WHAT IS REQUIRED. Using the material below, repeat exactly the lines from the one with "Each color (white, black, green" through the one with "Western Sun Roomオリジナルグラフィックを背中に大胆にプリントしたロングスリーブTシャツ。", ends included, without any images.

EXERCISE INPUT.
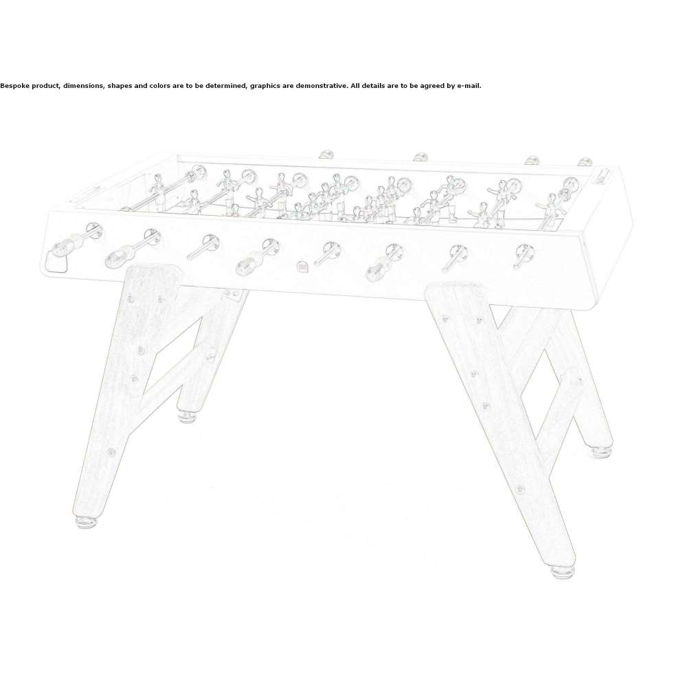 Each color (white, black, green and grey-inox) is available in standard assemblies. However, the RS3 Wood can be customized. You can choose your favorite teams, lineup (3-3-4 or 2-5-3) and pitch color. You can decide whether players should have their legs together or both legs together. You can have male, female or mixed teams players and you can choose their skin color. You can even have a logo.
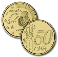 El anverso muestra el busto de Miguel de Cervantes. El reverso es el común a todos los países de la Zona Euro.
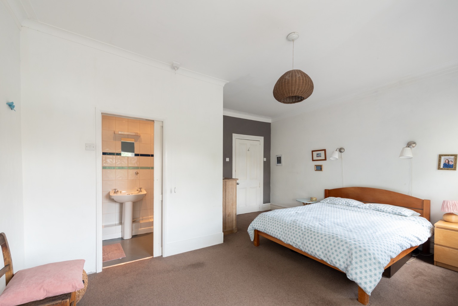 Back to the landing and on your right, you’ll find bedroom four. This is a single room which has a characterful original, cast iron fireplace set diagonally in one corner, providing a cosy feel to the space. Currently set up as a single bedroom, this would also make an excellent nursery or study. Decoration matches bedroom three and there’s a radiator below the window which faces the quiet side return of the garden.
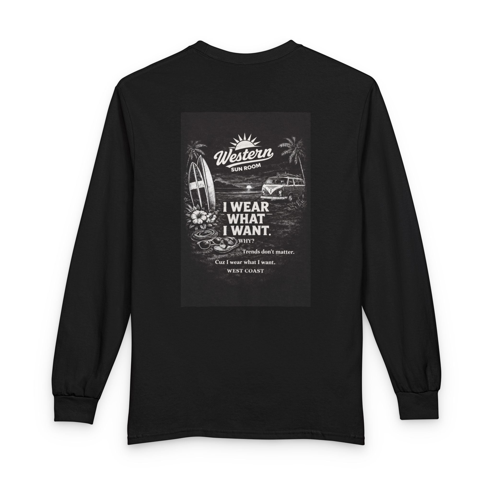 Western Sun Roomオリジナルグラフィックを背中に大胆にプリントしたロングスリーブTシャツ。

--

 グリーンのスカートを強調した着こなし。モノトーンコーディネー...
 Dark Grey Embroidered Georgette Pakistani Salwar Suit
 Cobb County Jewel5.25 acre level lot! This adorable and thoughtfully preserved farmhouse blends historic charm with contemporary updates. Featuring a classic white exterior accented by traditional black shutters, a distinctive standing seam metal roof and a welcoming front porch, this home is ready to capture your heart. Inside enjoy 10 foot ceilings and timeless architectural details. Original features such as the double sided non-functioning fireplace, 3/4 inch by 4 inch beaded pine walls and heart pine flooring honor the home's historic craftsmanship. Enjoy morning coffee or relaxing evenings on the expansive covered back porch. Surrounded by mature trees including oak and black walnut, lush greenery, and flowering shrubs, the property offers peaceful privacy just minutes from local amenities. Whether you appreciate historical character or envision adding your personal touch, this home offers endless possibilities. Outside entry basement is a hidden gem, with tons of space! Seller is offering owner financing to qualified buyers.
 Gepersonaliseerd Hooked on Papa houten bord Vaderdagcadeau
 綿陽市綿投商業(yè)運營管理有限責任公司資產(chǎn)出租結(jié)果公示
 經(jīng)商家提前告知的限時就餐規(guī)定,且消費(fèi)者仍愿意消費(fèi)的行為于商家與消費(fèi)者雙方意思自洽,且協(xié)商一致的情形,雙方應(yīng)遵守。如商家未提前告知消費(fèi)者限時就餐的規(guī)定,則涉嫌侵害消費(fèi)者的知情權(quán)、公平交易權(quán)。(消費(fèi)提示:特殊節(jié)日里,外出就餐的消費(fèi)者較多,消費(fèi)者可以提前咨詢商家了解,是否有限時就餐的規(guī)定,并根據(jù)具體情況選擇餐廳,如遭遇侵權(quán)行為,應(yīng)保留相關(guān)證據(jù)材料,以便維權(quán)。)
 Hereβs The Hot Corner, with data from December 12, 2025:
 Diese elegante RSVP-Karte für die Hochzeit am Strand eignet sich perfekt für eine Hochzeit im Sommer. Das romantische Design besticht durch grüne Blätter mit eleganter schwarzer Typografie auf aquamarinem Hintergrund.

--

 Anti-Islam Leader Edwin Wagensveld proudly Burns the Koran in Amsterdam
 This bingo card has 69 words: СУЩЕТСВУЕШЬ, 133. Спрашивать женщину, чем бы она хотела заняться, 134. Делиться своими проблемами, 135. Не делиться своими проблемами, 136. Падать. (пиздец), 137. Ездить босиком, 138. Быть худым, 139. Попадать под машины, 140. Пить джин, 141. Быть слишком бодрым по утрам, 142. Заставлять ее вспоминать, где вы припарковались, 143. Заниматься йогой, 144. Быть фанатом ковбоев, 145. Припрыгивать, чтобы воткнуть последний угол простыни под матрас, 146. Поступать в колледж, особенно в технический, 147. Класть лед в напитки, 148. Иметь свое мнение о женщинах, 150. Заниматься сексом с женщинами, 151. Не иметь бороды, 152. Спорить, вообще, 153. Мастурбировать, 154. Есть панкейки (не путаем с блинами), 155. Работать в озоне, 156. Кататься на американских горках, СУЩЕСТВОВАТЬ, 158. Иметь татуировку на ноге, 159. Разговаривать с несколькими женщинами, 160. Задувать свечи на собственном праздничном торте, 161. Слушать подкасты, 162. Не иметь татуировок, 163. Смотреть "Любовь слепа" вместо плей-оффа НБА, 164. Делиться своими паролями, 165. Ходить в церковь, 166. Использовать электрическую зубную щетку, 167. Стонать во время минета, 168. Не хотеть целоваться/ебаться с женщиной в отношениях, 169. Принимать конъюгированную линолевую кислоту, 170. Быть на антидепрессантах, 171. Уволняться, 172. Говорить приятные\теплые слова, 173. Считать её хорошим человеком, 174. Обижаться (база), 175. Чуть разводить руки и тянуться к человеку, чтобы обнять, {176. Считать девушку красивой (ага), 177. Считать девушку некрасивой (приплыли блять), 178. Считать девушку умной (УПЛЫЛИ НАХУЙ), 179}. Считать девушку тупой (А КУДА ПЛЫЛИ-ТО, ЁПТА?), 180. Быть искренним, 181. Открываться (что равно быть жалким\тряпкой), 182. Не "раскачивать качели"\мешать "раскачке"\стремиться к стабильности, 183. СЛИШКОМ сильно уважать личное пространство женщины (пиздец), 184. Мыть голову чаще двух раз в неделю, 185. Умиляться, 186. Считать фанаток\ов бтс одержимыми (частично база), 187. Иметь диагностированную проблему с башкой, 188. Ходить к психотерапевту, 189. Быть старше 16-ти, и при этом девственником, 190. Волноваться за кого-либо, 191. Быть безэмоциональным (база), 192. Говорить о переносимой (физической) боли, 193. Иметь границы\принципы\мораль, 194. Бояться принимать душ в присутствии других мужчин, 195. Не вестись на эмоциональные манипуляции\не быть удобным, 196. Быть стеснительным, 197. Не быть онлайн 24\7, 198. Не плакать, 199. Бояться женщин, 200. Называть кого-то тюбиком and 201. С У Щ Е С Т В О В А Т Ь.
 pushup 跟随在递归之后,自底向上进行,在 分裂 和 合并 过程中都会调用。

TASK SOLUTION.
 Each color (white, black, green and grey-inox) is available in standard assemblies. However, the RS3 Wood can be customized. You can choose your favorite teams, lineup (3-3-4 or 2-5-3) and pitch color. You can decide whether players should have their legs together or both legs together. You can have male, female or mixed teams players and you can choose their skin color. You can even have a logo.
 El anverso muestra el busto de Miguel de Cervantes. El reverso es el común a todos los países de la Zona Euro.
 Back to the landing and on your right, you’ll find bedroom four. This is a single room which has a characterful original, cast iron fireplace set diagonally in one corner, providing a cosy feel to the space. Currently set up as a single bedroom, this would also make an excellent nursery or study. Decoration matches bedroom three and there’s a radiator below the window which faces the quiet side return of the garden.
 Western Sun Roomオリジナルグラフィックを背中に大胆にプリントしたロングスリーブTシャツ。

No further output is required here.